Santa Fe resident George R.R. Martin, author of the “Song of Ice and Fire” book series which were adapted into the HBO series “Game of Thrones” spoke to the committee.

“Technology keeps going and I’ve experienced every part of it and AI is something people, particularly in my community,… (have) seen coming for a long, long time and there were two, kind of, related issues that we could touch (on) here today,” he said. “One is what AI is going to do tomorrow. Both SAG and WPA are on strike now and one of the things we need to settle is that the producers and AMPTP are digging in their heels and refusing to even discuss is what regulations will run AI (and) how our careers and Hollywood are going to continue in the future.” 

He said they need to discuss not just the use of AI in the near-future, but the far-future

Another industry affected by AI is the criminal justice system.

The issues are in methods and algorithms that are already in use across the country, Santa Fe Institute professor Cristopher Moore said.

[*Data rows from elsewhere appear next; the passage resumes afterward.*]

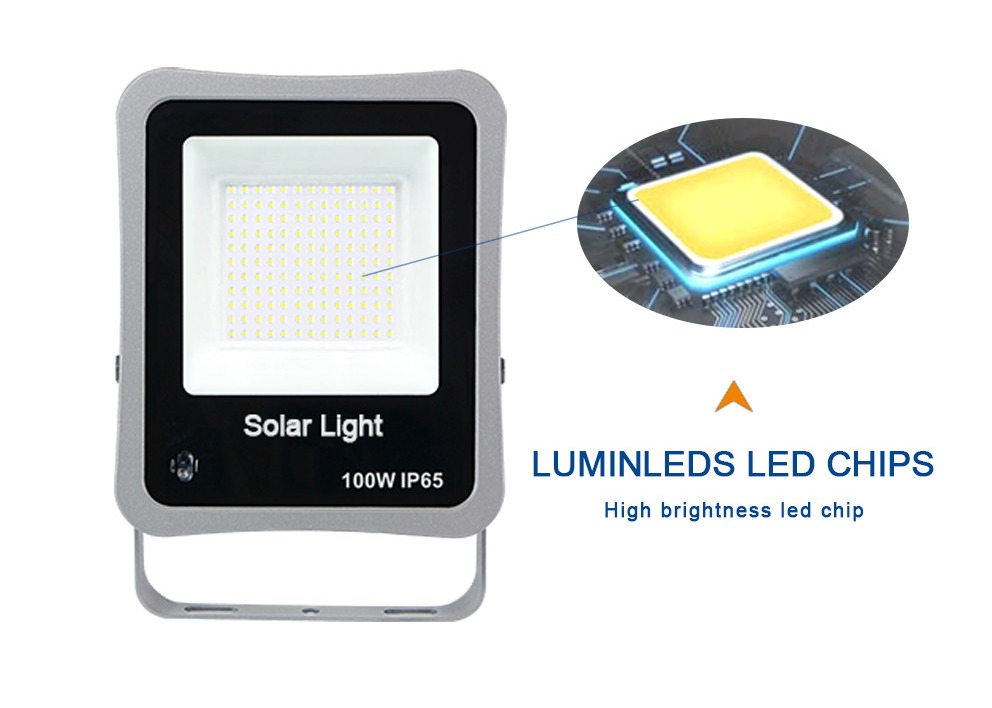 - √ 170lm/W ضوء فائق - 100W ضوء الفيضانات الشمسية عالية الضوء يدعم حتى 350 متر مربع الإضاءة، مثل 4 إلى 5 وحدات إضاءة ملعب كرة السلة، 11 وحدة إضاءة نصف ملعب كرة القدم.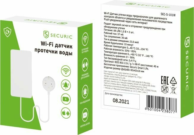 Wi-Fi датчик утечки воды SECURIC 1 шт арт. SEC-S-101W интересное: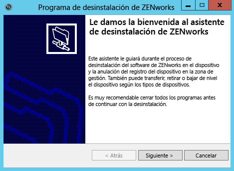 Haga clic en Siguiente y siga las indicaciones para desinstalar el software de ZENworks. Consulte la información de la tabla siguiente si tiene preguntas sobre alguna de las opciones de desinstalación.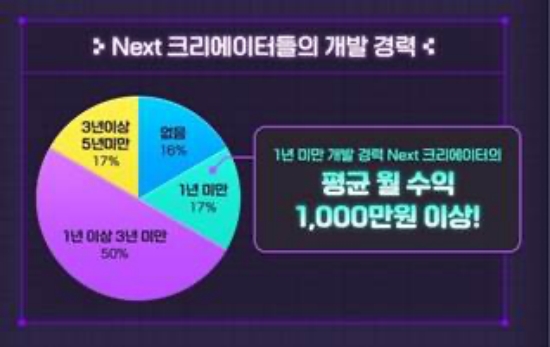 크리에이터가 지난 한 해 동안 벌어들인 연간 수익은 총 502억 원이다. 이는 전년(222억 원) 대비 약 234% 증가한 수치다. 수익을 창출한 크리에이터 수는 1만 팀을 돌파했으며, 전년 대비 5배 이상 늘어났다. 이 중 연간 수익 1억 원을 넘어선 크리에이터는 12팀에 달한다.

He is also a member of the Interdisciplinary Working Group on Algorithmic Justice.

“My feeling about the use of these algorithms is that they’re neither good nor evil,” Moore said. “I think in some cases, they can help, in fact, but I want them to be transparent. I want people to know what information about them is being used and how it’s being used. I want that not just for the applicants, but also for the human decision makers that are being advised by these things and also for policymakers like you who are trying to decide whether these things should be deployed and used, especially in the public sector.”

In New Mexico, judges use an algorithm called the Public Safety Assessment developed by the Arnold Foundation. It is commonly called the Arnold tool.

“Interestingly enough, the designers of the PSA, the folks at the Arnold Foundation, do not want us to use it to make the decision to detain or release and there was a lot of discussion about that in this last legislative session,” Moore said. “So the way it’s phrased now is, ‘Hey, judge, use the constitutional process to make that decision, detain versus release. If you choose to release, then we’re advising you on, maybe, what level of supervision you should place this department under’.” 

The PSA is available for free from the Arnold Foundation.

Moore would like the legislature to “require transparency and auditability for any algorithm that state or local governments use to make or inform life-altering decisions.”

So far, the only AI-based legislation enacted in New Mexico was contained within an additional appropriations bill during the 2023 legislative session that added $290,000 for AI equipment for ASK Academy charter school in Rio Rancho.

The committee met to discuss current issues with AI as a preliminary to potential legislative proposals for the upcoming 2024 session.